INPUT DATA
>>
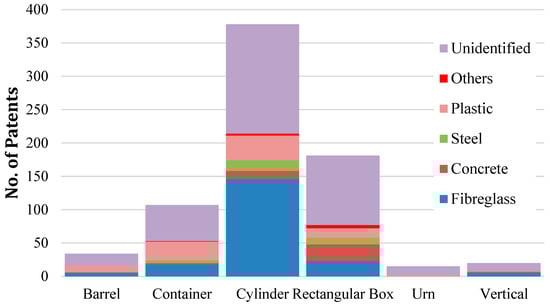 In the structure-based search categories of this study, a variety of septic tank shapes and materials were identified and recorded as the review of patents progressed. The analysis revealed six main shapes commonly used in septic tank design: cylinders, rectangular boxes, containers, barrels, vertical shapes, and urns. Figure 10 illustrates the proportion of patents categorised by different septic tank shapes and further details the materials used in their construction. It provides a visual breakdown of the most commonly used shapes—cylinders, rectangular boxes, containers, barrels, vertical shapes, and urns—and correlates these with materials such as fibreglass, plastic, concrete, and others. This visualisation helps in understanding the trends in material preferences and design choices within the septic tank industry, showcasing how different materials are favoured for specific tank configurations.
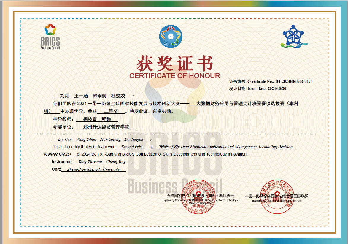2024年10月20日,由金砖国家技能发展与技术创新大赛组委会、一带一路暨金砖国家技能发展国际联盟主办的“2024一带一路暨金砖国家技能发展与技术创新大赛(大数据财务应用与管理会计决策赛项本科组)”区域赛落下帷幕。我校会计学院代表队在比赛中表现优异,一举斩获了北区二等奖和三等奖。
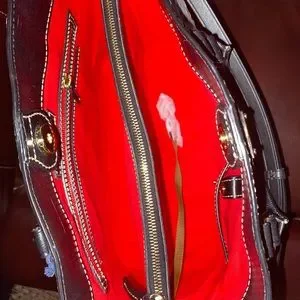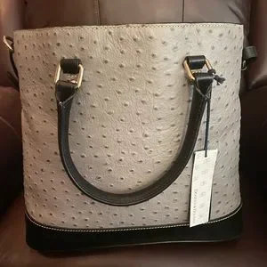 Dooney & Bourke medium size tote. Gray leather w/black trim.
<<
BRIEF
Any picture in the material is to be left out, and everything else is to be retyped as is.

PROBLEM SOLUTION
 In the structure-based search categories of this study, a variety of septic tank shapes and materials were identified and recorded as the review of patents progressed. The analysis revealed six main shapes commonly used in septic tank design: cylinders, rectangular boxes, containers, barrels, vertical shapes, and urns. Figure 10 illustrates the proportion of patents categorised by different septic tank shapes and further details the materials used in their construction. It provides a visual breakdown of the most commonly used shapes—cylinders, rectangular boxes, containers, barrels, vertical shapes, and urns—and correlates these with materials such as fibreglass, plastic, concrete, and others. This visualisation helps in understanding the trends in material preferences and design choices within the septic tank industry, showcasing how different materials are favoured for specific tank configurations.
2024年10月20日,由金砖国家技能发展与技术创新大赛组委会、一带一路暨金砖国家技能发展国际联盟主办的“2024一带一路暨金砖国家技能发展与技术创新大赛(大数据财务应用与管理会计决策赛项本科组)”区域赛落下帷幕。我校会计学院代表队在比赛中表现优异,一举斩获了北区二等奖和三等奖。
 Dooney & Bourke medium size tote. Gray leather w/black trim.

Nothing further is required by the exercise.